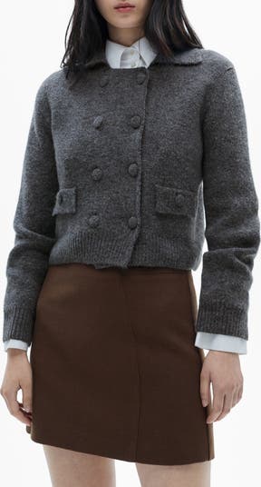 Cozy-chic and perfectly polished, this cropped jacket features covered buttons and sweater-like yarns with a hint of wool for extra warmth.
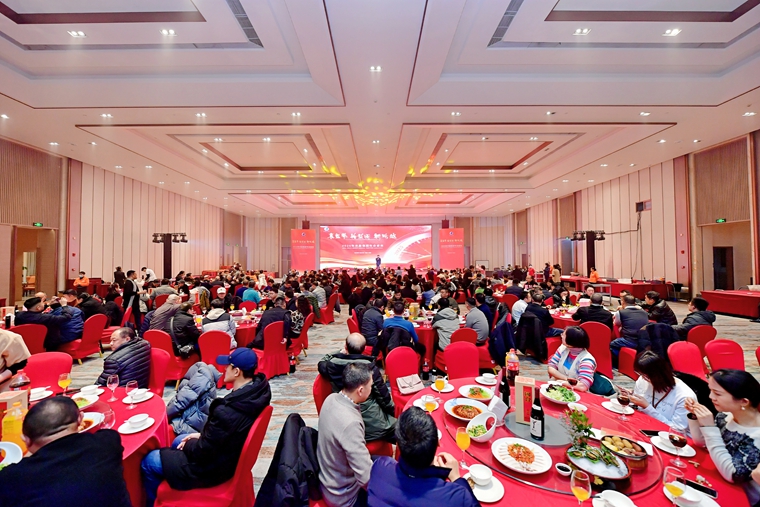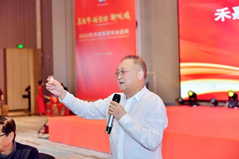 團(tuán)拜會進(jìn)入祝酒時刻——集團(tuán)董事局主席夏朝嘉先生在晚會發(fā)表了祝酒辭,他祝愿各位親朋好友新春快樂,闔家歡樂! 祝愿禾嘉集團(tuán)新年登高,大展宏圖! 頓時,全場的酒杯紛紛舉起,在滿堂的喜慶中晚會正式開始。
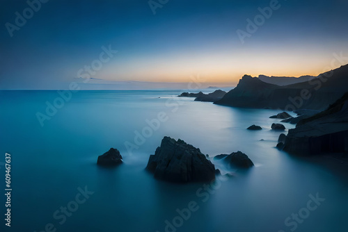 Moonlight in ocean landscape. The ocean stretches out as far as the eye can see, its surface a canvas of deep, midnight blue. AI generated image Generative AI
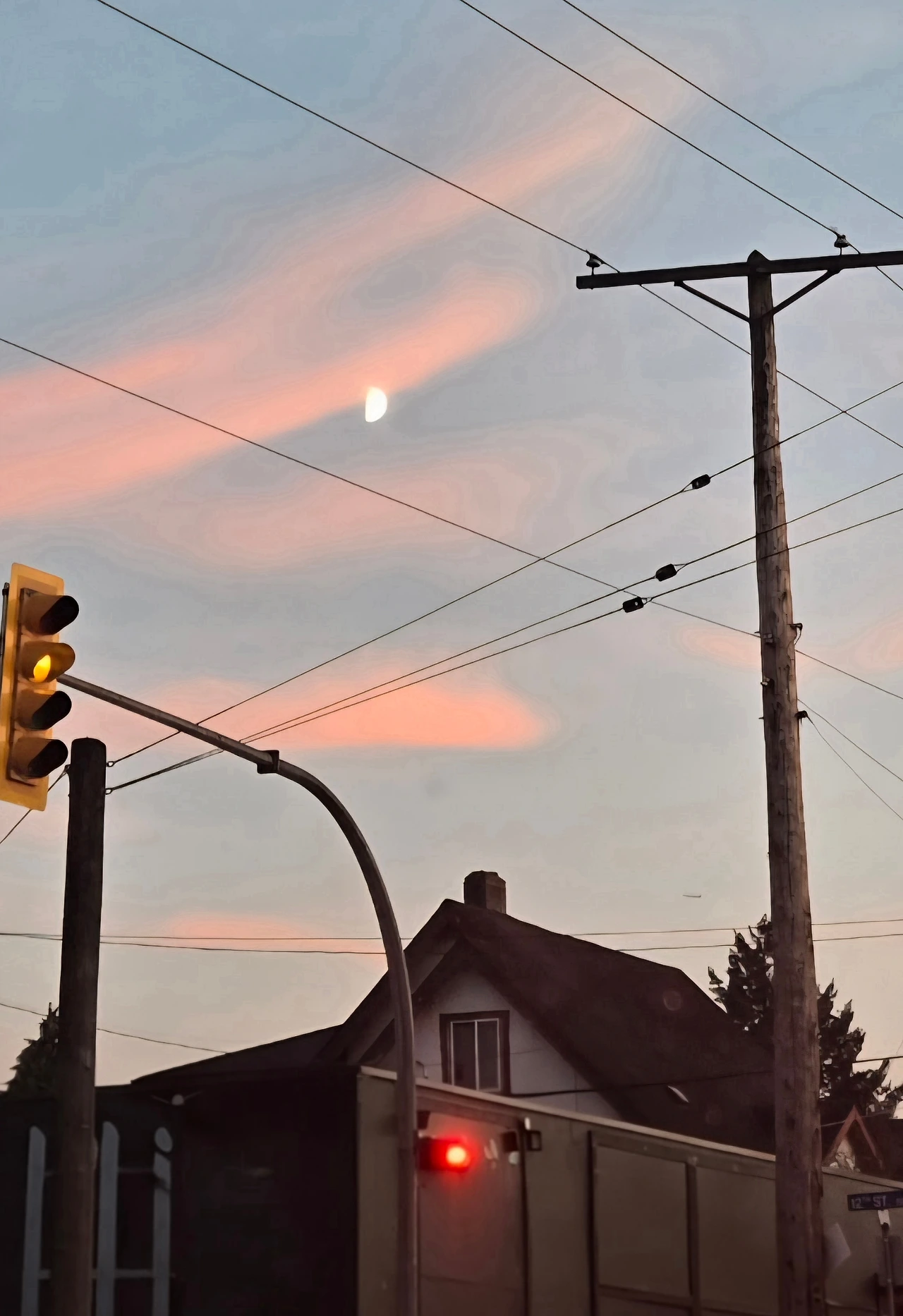 돌아갈 길을 잃은 듯, 하늘엔 어둡게 깔린 구름 사이로 반달이 흔들리며 떠 있었다.
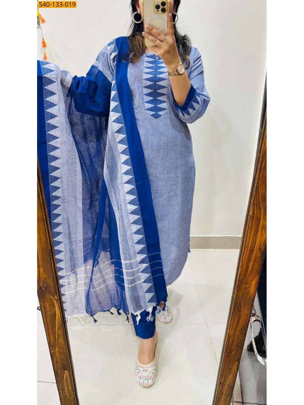 - Fancy Azrakh cotton kurta 3 piece suit set
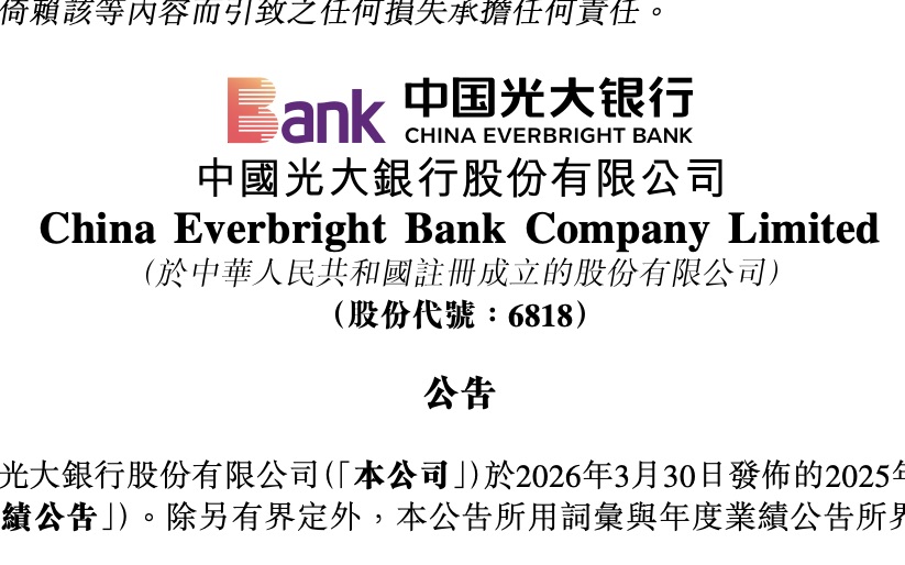 光大银行发公告改数据 分支机构资产规模确认16小时前
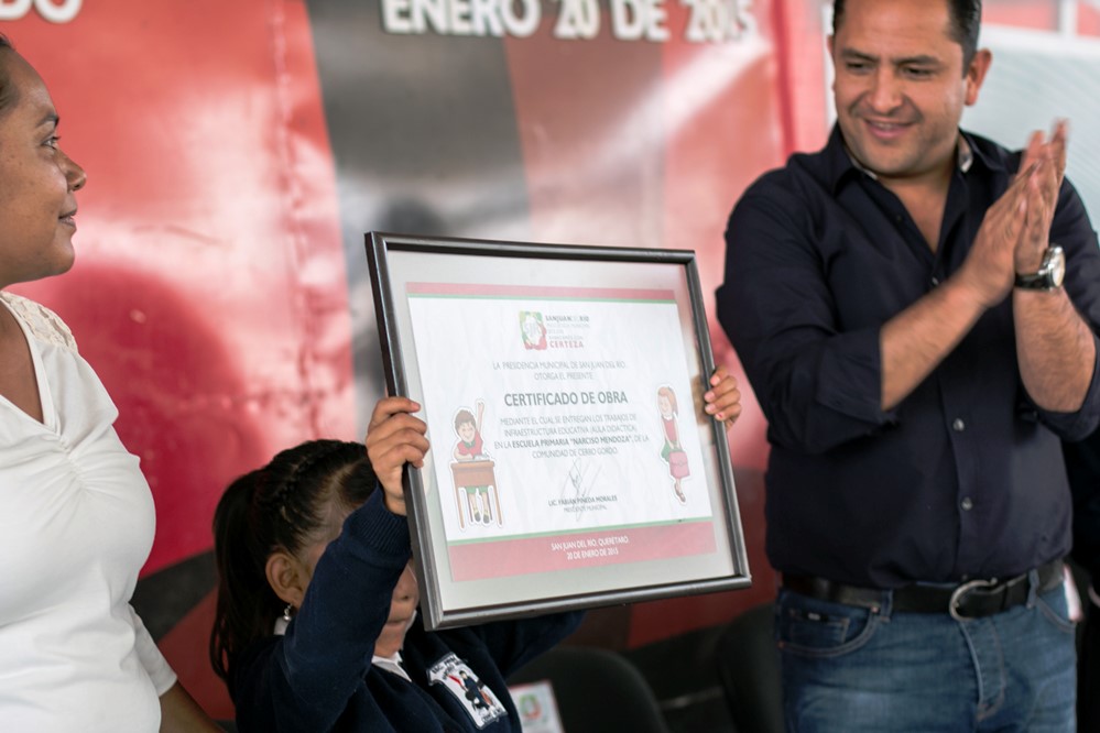 “Este año 2015 estoy proponiendo que se construya un nuevo salón para la Primaria Narciso Mendoza y también para la Primaria Dieciséis de Septiembre, es una noticia que traemos para esta zona de San Juan del Río porque sus hijos necesitan ir a la escuela, y necesitamos que haya más infraestructura educativa para que sean atendidos dignamente”, apuntó.
◇ ◇ ◇
Beginning with the line that bears "光大银行发公告改数据 分支机构资产规模确认16小时前", output each line through the last line of the listing exactly, and no others; skip the pictures.

 光大银行发公告改数据 分支机构资产规模确认16小时前
 “Este año 2015 estoy proponiendo que se construya un nuevo salón para la Primaria Narciso Mendoza y también para la Primaria Dieciséis de Septiembre, es una noticia que traemos para esta zona de San Juan del Río porque sus hijos necesitan ir a la escuela, y necesitamos que haya más infraestructura educativa para que sean atendidos dignamente”, apuntó.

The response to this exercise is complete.